Your instructions
Without copying any picture, transcribe exactly the lines of the data below from the one containing "歐聯半場:鈴木唯人助攻+造點,弗賴堡3-1尼斯" through the one containing "เนื่องจากต้องใช้ไฟในการสร้างบ้าน ผ่านไปกว่า 3".

Data for this task
╔══
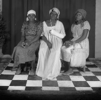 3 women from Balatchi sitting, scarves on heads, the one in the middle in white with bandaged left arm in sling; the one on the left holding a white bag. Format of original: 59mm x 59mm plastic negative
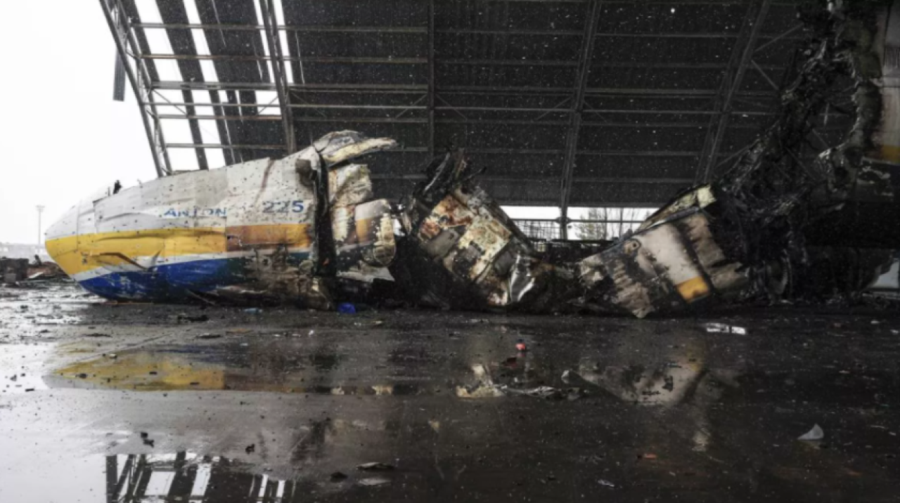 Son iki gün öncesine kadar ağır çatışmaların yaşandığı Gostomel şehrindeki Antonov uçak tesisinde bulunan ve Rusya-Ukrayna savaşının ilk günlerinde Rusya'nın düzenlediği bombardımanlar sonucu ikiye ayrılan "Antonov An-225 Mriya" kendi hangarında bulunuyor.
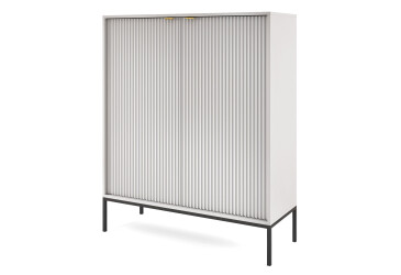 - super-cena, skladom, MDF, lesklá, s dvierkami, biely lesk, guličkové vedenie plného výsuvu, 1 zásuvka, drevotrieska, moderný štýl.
╚══
╔══
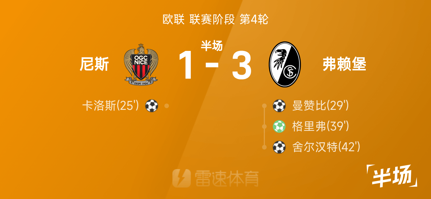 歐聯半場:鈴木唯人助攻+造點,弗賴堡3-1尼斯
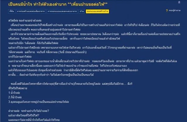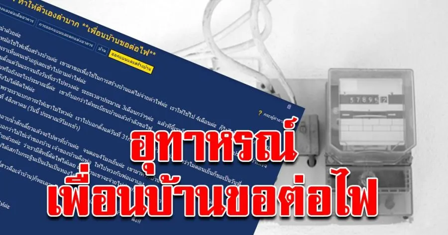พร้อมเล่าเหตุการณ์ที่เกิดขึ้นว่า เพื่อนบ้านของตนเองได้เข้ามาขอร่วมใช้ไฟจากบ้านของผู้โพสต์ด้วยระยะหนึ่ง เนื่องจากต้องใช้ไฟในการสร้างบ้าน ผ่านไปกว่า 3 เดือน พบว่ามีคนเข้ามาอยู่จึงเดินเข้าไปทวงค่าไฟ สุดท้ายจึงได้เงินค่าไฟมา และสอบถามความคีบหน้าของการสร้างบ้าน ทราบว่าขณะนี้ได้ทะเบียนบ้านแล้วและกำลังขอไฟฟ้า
╚══
Response for this exercise
 歐聯半場:鈴木唯人助攻+造點,弗賴堡3-1尼斯
พร้อมเล่าเหตุการณ์ที่เกิดขึ้นว่า เพื่อนบ้านของตนเองได้เข้ามาขอร่วมใช้ไฟจากบ้านของผู้โพสต์ด้วยระยะหนึ่ง เนื่องจากต้องใช้ไฟในการสร้างบ้าน ผ่านไปกว่า 3 เดือน พบว่ามีคนเข้ามาอยู่จึงเดินเข้าไปทวงค่าไฟ สุดท้ายจึงได้เงินค่าไฟมา และสอบถามความคีบหน้าของการสร้างบ้าน ทราบว่าขณะนี้ได้ทะเบียนบ้านแล้วและกำลังขอไฟฟ้า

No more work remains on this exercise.